Reinforcement mechanism of silica surface hydroxyl: The opposite effect

Abstract

Silica is one of the best reinforcing fillers for silicone rubber due to its similar structure to the main chain of silicone rubber and abundant surface hydroxyl groups. However, for the role of surface hydroxyl groups in reinforcement, there are many conflicting conclusions. This paper combines experiments and molecular dynamics calculations to illustrate that the reinforcing mechanism of the hydroxyl group is two-sided. Firstly, at 30 phr, the tensile strength increases from 6.34 ± 0.47 MPa to 8.40 ± 0.37 MPa as the number of hydroxyl groups decreases; the Payne effect decreases, and the bound rubber content increases from 25.7% to 34.0%, and the filler-rubber interfacial interaction increases; molecular dynamics calculations show that as the number of hydroxyl groups increases, (I) the interaction forces between the silica particles increase, inhibiting their dispersion in the silicone rubber; (II) physical-adsorption water increases and the strength of the rubber-filler interfacial interaction decreases, reducing the reinforcing effect.
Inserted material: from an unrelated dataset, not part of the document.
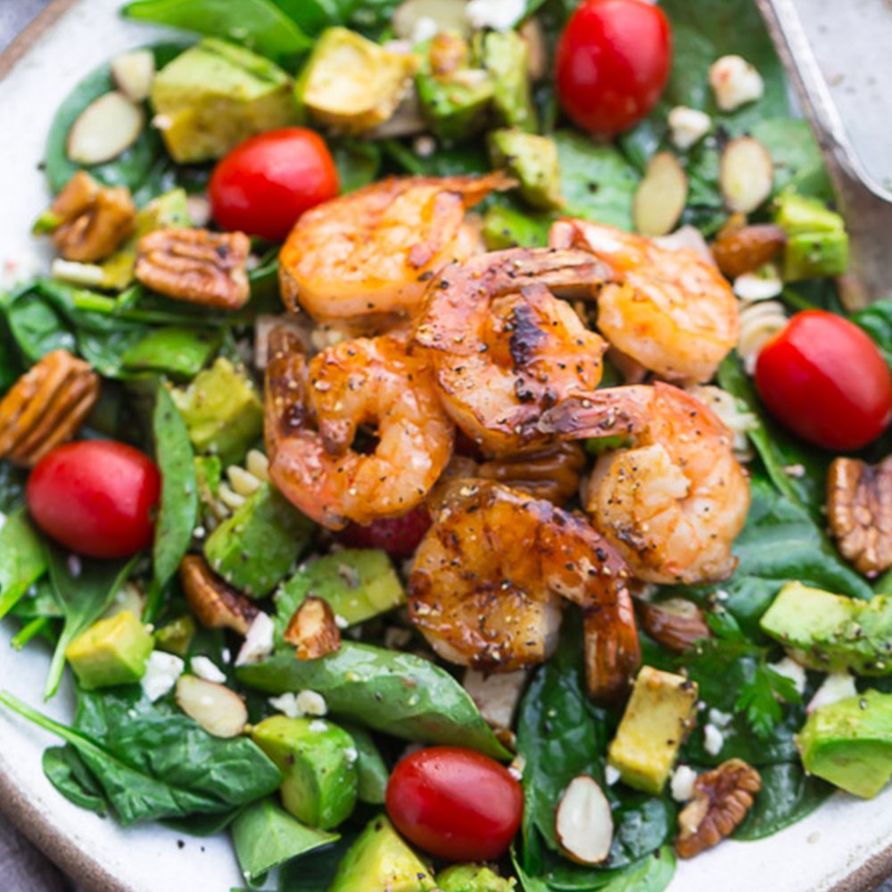 A hearty and satisfying Spinach and Shrimp salad made with fresh ingredients and love.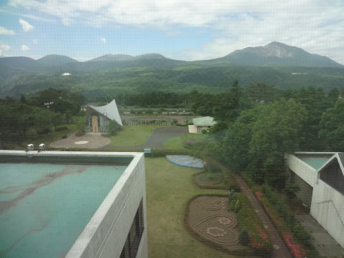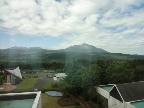 | 霧島ロイヤルホテル4階からの眺望、遠くには霧島連山が | 眼下に見えているのは結婚式会場で、白い屋根の建物は結婚式用のチャペル。 | |

Secondly, as the amount of silica added gradually reduces, the difference in tensile strength between Silica (13.1 OH/nm2) /SR composites and A200 (4.5 OH/nm2) /SR composites decreases. At 5 phr, the tensile strength of Silica-5 phr is 0.95 ± 0.07 MPa, which is higher than that of A200-5 phr, 0.87 ± 0.19 MPa; the bound rubber content and the filler-rubber interfacial interaction of Silica-5 phr are higher than A200-5 phr; molecular dynamics calculations show that the strength of the filler-rubber interfacial interaction increases gradually with increasing hydroxyl groups for similar dispersion states. This paper would help design more desirable silica structures with a highly branched structure and multiple hydroxyl groups as an ideal reinforcing agent.